### Work to complete
Retype the entries exactly; omit all pictures.

[Stored dataset items]

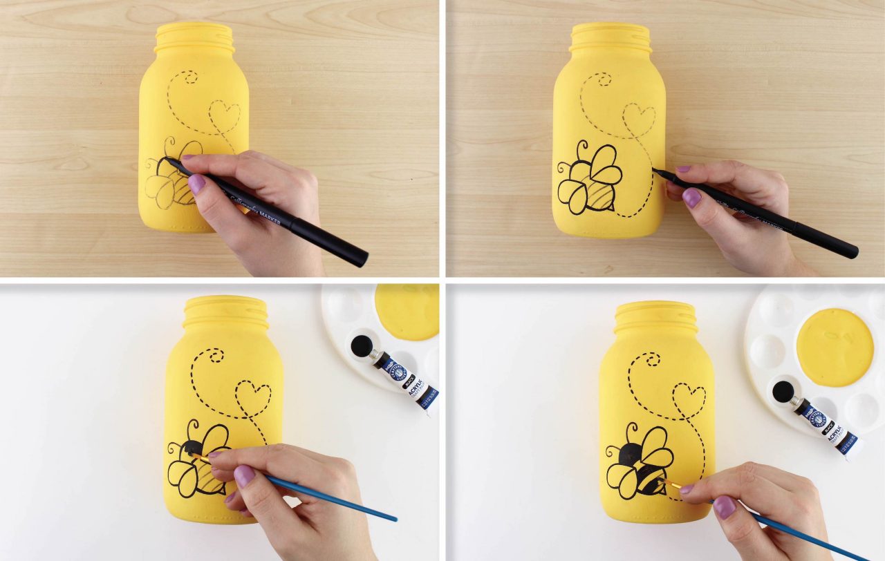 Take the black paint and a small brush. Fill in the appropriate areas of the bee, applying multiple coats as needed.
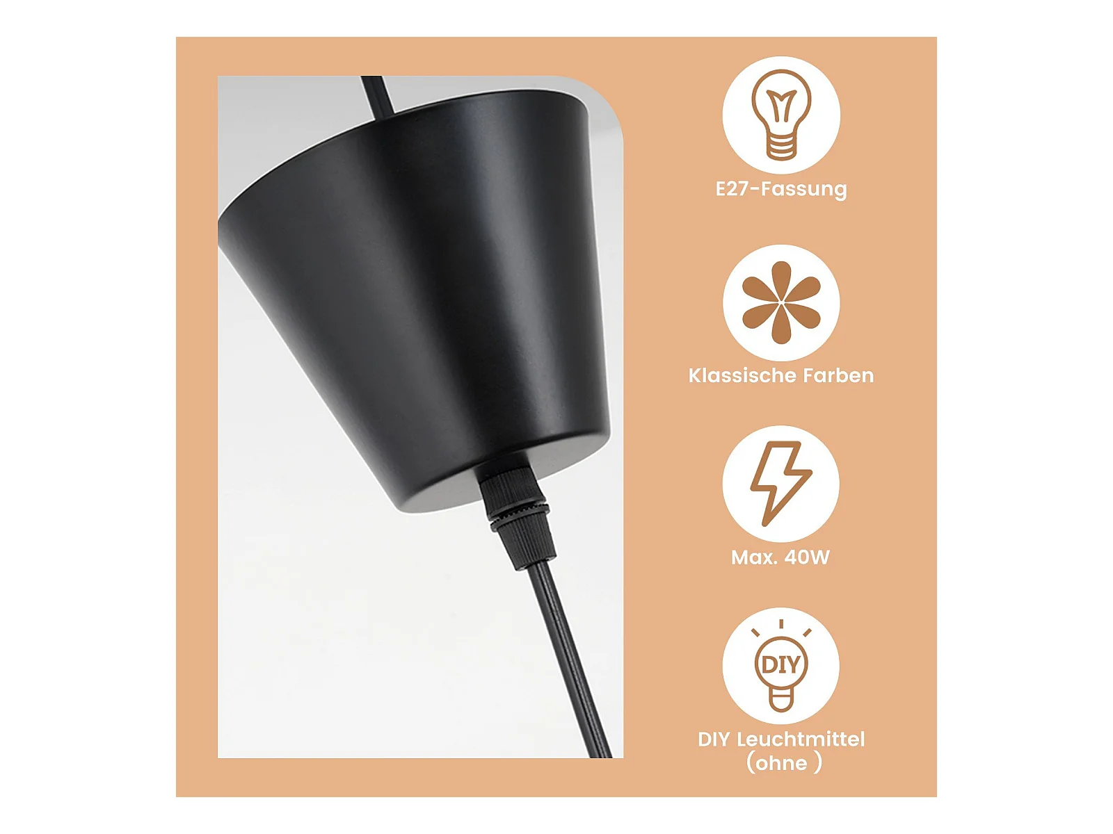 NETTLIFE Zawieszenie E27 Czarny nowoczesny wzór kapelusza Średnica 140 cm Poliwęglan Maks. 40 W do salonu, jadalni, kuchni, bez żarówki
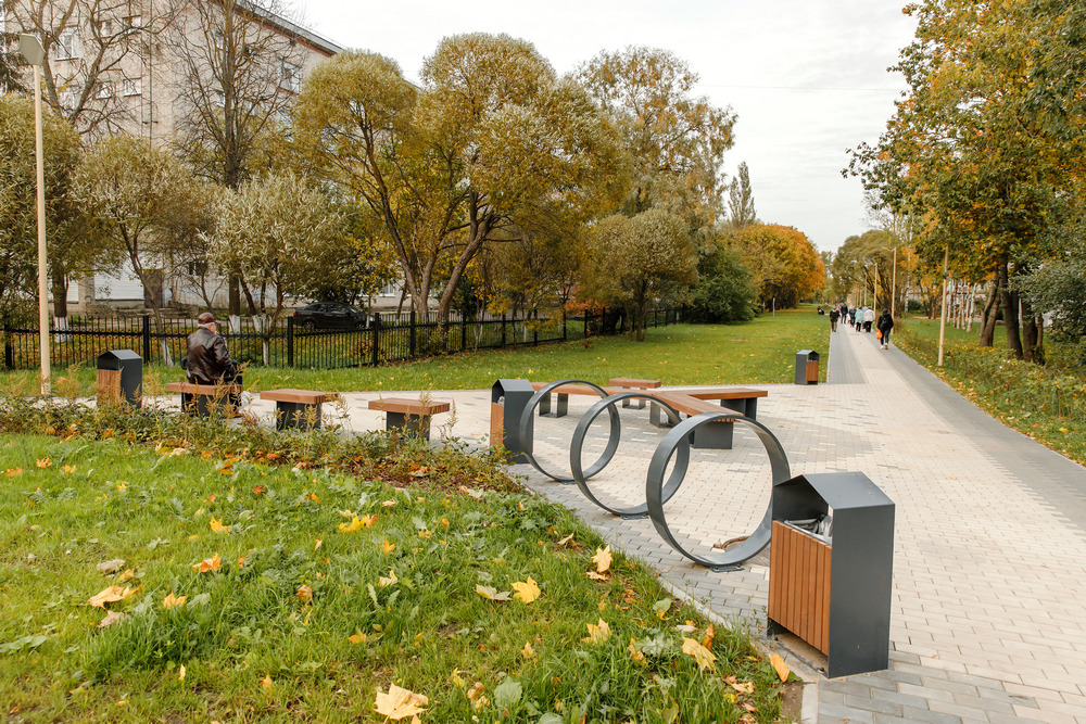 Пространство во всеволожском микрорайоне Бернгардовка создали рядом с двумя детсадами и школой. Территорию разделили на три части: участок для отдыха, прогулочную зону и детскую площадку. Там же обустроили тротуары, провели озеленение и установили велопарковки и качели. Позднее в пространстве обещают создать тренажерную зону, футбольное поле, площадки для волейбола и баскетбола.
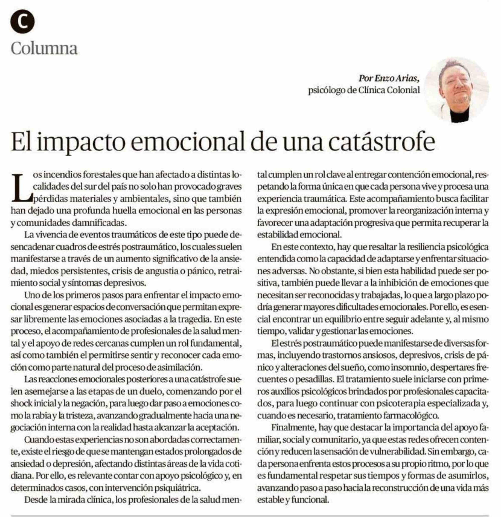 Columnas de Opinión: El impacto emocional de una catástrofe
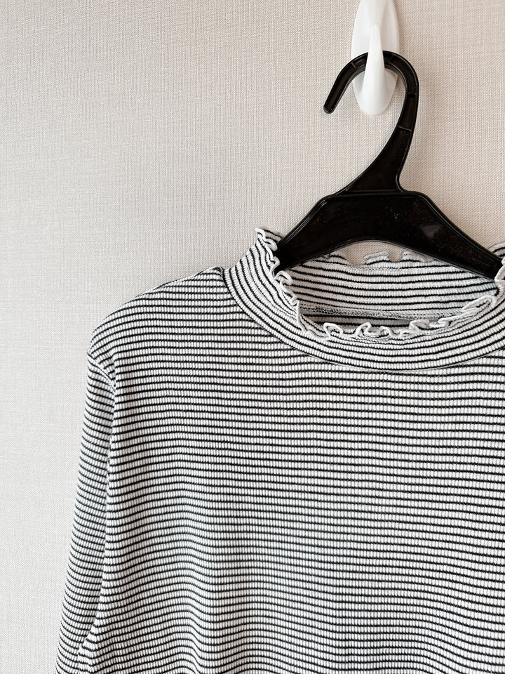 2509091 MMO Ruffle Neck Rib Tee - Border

### Written response
 Take the black paint and a small brush. Fill in the appropriate areas of the bee, applying multiple coats as needed.
 NETTLIFE Zawieszenie E27 Czarny nowoczesny wzór kapelusza Średnica 140 cm Poliwęglan Maks. 40 W do salonu, jadalni, kuchni, bez żarówki
 Пространство во всеволожском микрорайоне Бернгардовка создали рядом с двумя детсадами и школой. Территорию разделили на три части: участок для отдыха, прогулочную зону и детскую площадку. Там же обустроили тротуары, провели озеленение и установили велопарковки и качели. Позднее в пространстве обещают создать тренажерную зону, футбольное поле, площадки для волейбола и баскетбола.
 Columnas de Opinión: El impacto emocional de una catástrofe
 2509091 MMO Ruffle Neck Rib Tee - Border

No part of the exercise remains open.